我想选择每个成员的最后一行。
ID UID POINT DATE TIME
1 1 5 2012-11-29 11:29:03
2 2 10 2012-11-29 11:38:12
3 1 10 2012-12-02 05:15:01
4 3 5 2012-12-02 09:51:34
5 2 5 2012-12-02 12:14:14
6 3 5 2012-12-04 12:18:30
7 1 5 2012-12-05 06:00:51
所以我想选择ID,UID和POINT,其中点是每个用户的最高点。 结果应该是:
ID UID POINT DATE TIME
2 2 10 2012-11-29 11:38:12
3 1 10 2012-12-02 05:15:01
6 3 5 2012-12-04 12:18:30
我试过这个:
SELECT distinct uid, point, id FROM `test`
GROUP By uid ORDER BY date DESC, time DESC
和
SELECT id, uid, point FROM `test`
GROUP BY uid ORDER BY date DESC, time DESC
但是我得到了一些错误的结果:
4(3), 2(2), 1(1)
答案 0 :(得分:3)
尝试:
SELECT id, uid, MAX(point) FROM `test` GROUP BY uid ORDER BY date DESC, time DESC
答案 1 :(得分:3)
此查询将为每个用户选择最高分:
select uid, max(`points`)
from members
group by uid
这将选择用户具有最大分数的最大ID:
select uid, max(id)
from members
where (uid, `points`) in (select uid, max(`points`)
from members
group by uid)
group by uid
这是您需要的最终查询:
select members.*
from members
where (uid, id) in (
select uid, max(id)
from members
where (uid, `points`) in (select uid, max(`points`)
from members
group by uid)
group by uid)
显示:
ID UID POINT DATE TIME
2 2 10 2012-11-29 11:38:12
3 1 10 2012-12-02 05:15:01
6 3 5 2012-12-04 12:18:30
这也会给出相同的结果,看起来更简单:
SELECT s.*
FROM
(SELECT members.*
FROM members
ORDER BY uid, points desc, id desc) s
GROUP BY uid
我认为它一直有效,但没有记录!
对最后一个查询的一点解释:MySql允许您通过查询选择组中的非聚合字段。

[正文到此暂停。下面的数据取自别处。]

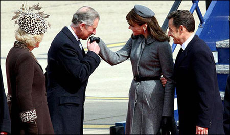 當(dāng)天,“第一夫人”布呂尼身著迪奧高領(lǐng)灰色風(fēng)衣、頭戴一頂與之相配的帽子,與薩科齊款款走下飛機。由于名模出身,為了不喧賓奪主,布呂尼特意穿了一雙黑色的平跟鞋。隨后,薩科齊夫婦在查爾斯夫婦的陪同下走出機場。
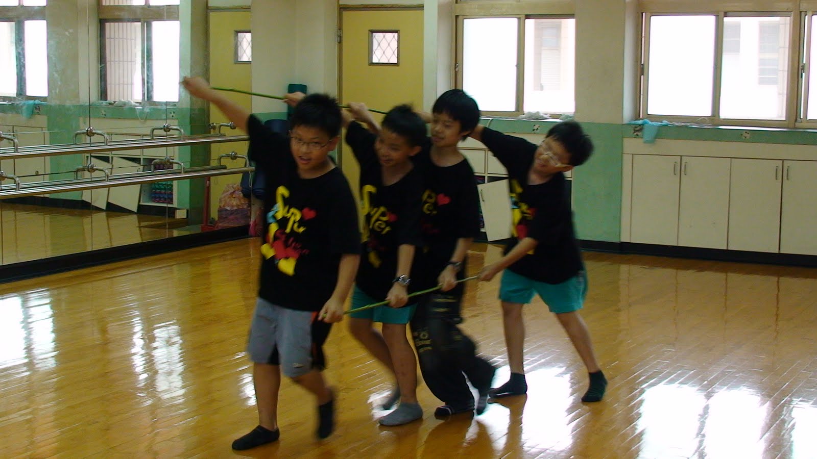再一次的練習之後,老師配上音樂讓孩子們熟悉舞台的呈現,並且再次輪流上場演出。經過練習,孩子們對於較大的肢體動作更加靈活而且熟練了!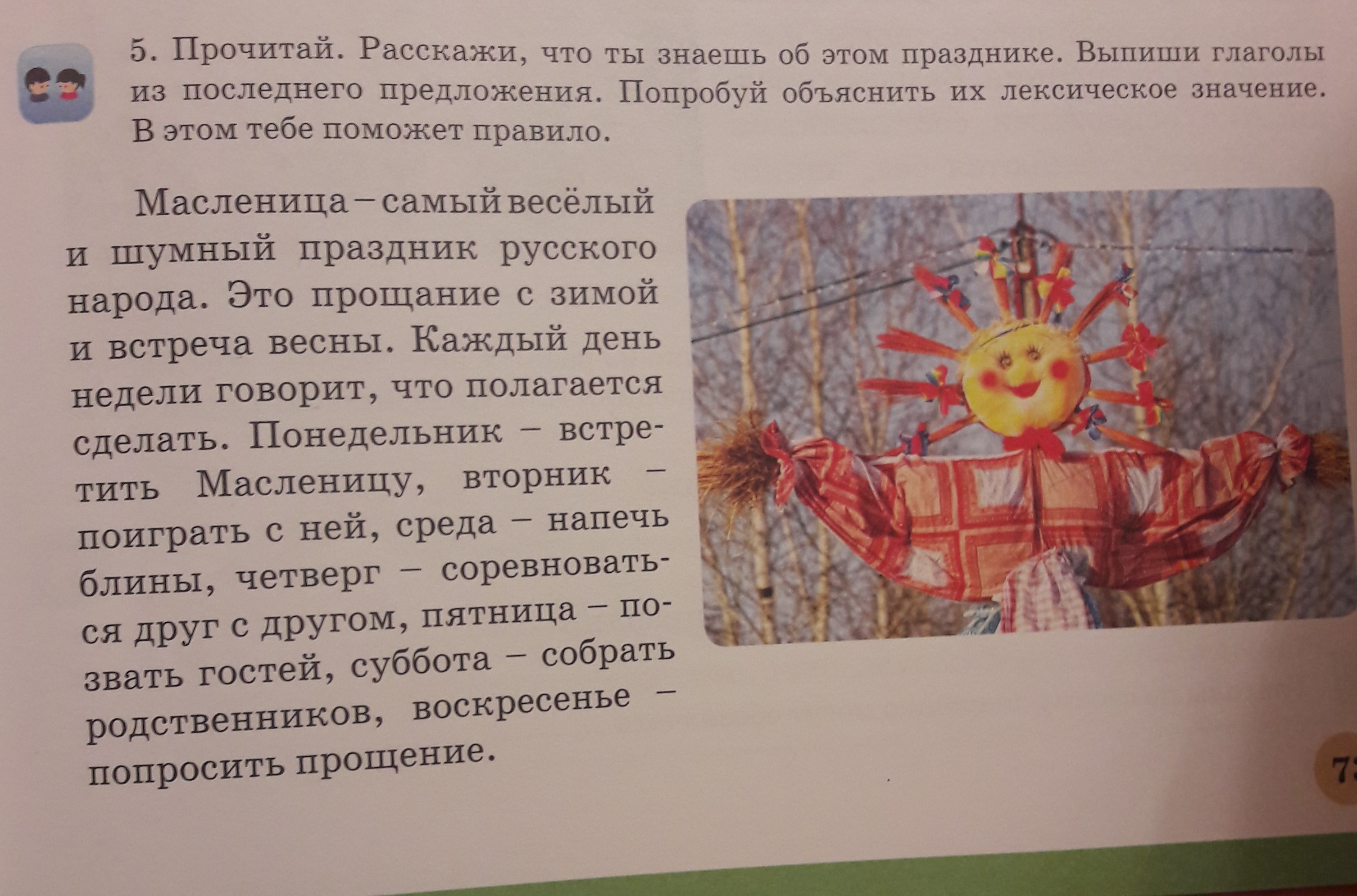 Глаголы-встретить,поиграть,напечь, соревноваться,позвать,собрать,попросить.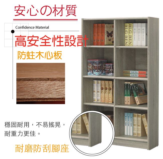 材質 | ◆產品名稱:【綠家居】迷夏利2.7尺開放式八格中高書櫃 尺寸:(寬)82x(深)30(高)122/公分 ◆材質: 材質:防蛀木心板+防刮耐磨腳座 噴漆:防潮耐磨噴漆處理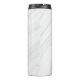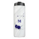 Hermosas flores azul real y hojas grises plateadas en tumbler térmico de mármol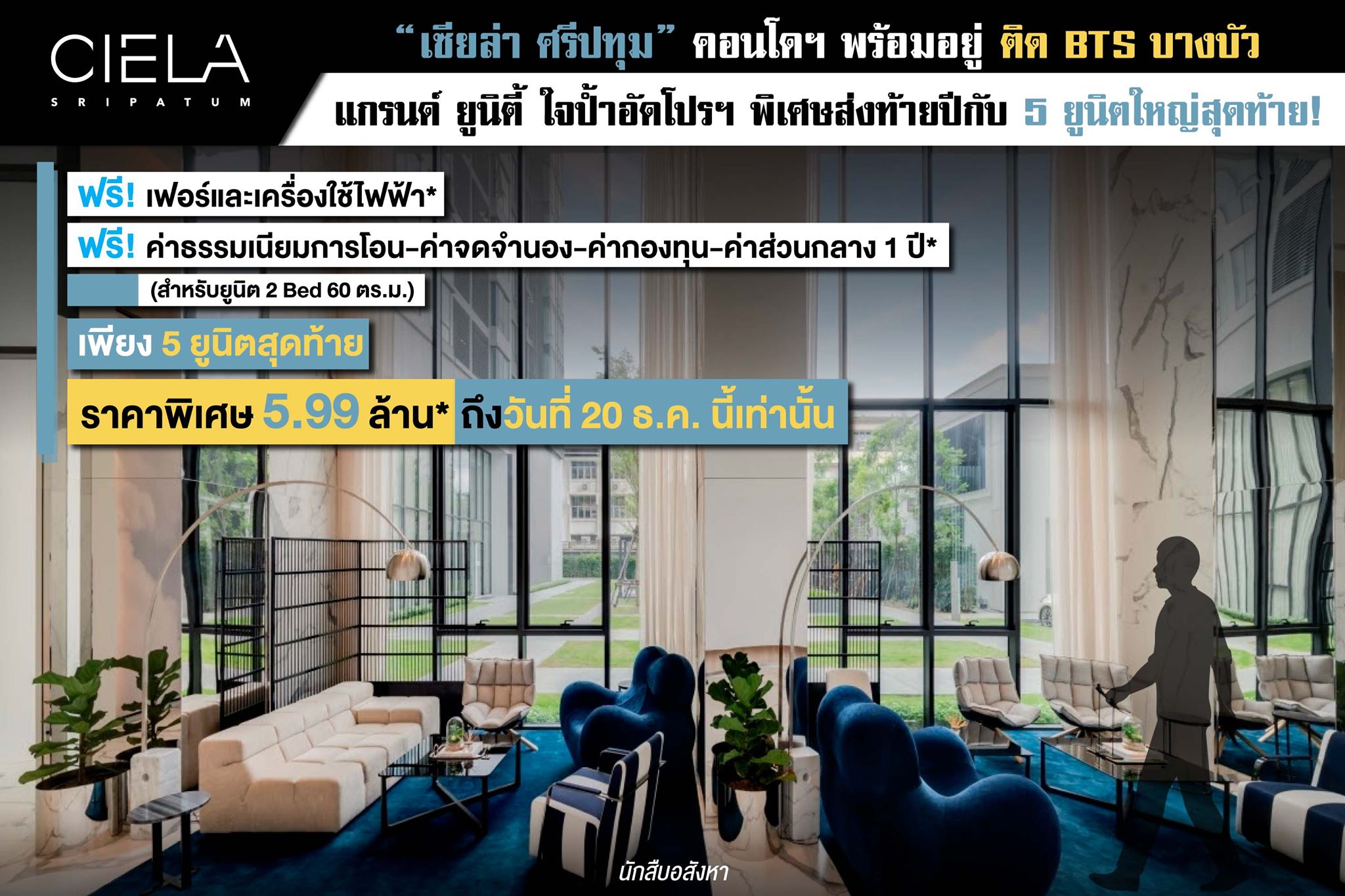 เพียง 5 ยูนิตสุดท้าย ราคาพิเศษ 5.99 ล้าน* ถึงวันที่ 20 ธ.ค. นี้เท่านั้น

这里我们按uid
进行分组,但选择所有列:文档说非聚合列的值将不确定(它可以是组内的任何值)但事实上MySql只是返回第一个遇到的值。由于我们在有序子查询上使用非聚合列应用了一个组,因此第一个遇到的值就是您需要的值。
答案 2 :(得分:1)
试试这个:
SELECT id, uid, point FROM `test`
GROUP BY uid
ORDER BY point DESC, date DESC, time DESC
答案 3 :(得分:1)
查询:
<强> SQLFIDDLEEXample 强>
SELECT t1.*
FROM Table1 t1
WHERE t1.ID = (SELECT MAX(t3.ID)
FROM Table1 t3
WHERE t1.UID=t3.UID
AND t3.POINT=(SELECT MAX(t2.POINT)
FROM Table1 t2
WHERE t2.UID = t3.UID))
结果:
| ID | UID | POINT | DATE | TIME |
-----------------------------------------------------------------
| 2 | 2 | 10 | November, 29 2012 00:00:00+0000 | 11:38:12 |
| 3 | 1 | 10 | December, 02 2012 00:00:00+0000 | 05:15:01 |
| 6 | 3 | 5 | December, 04 2012 00:00:00+0000 | 12:18:30 |
答案 4 :(得分:0)
这是正确的:
SELECT ID, UID, MAX(POINT) FROM `test` GROUP BY UID ORDER BY DATE DESC, TIME DESC
答案 5 :(得分:0)
查询:
SELECT x.*
FROM (SELECT p.*
FROM points p
ORDER BY uid, point desc, id desc) as x
GROUP BY x.uid
;
Reusults:
ID UID POINT DATE TIME
3 1 10 December, 02 2012 00:00:00+0000 January, 01 1970 05:15:01+0000
2 2 10 November, 29 2012 00:00:00+0000 January, 01 1970 11:38:12+0000
6 3 5 December, 04 2012 00:00:00+0000 January, 01 1970 12:18:30+0000
答案 6 :(得分:0)
这很简单:
SELECT * FROM (SELECT * FROM `points` ORDER BY point DESC) AS `t1` GROUP BY uid;
答案 7 :(得分:0)
SELECT max(point),id,uid FROM test GROUP BY uid ORDER BY点DESC
以这种方式使用,它将解决您的问题。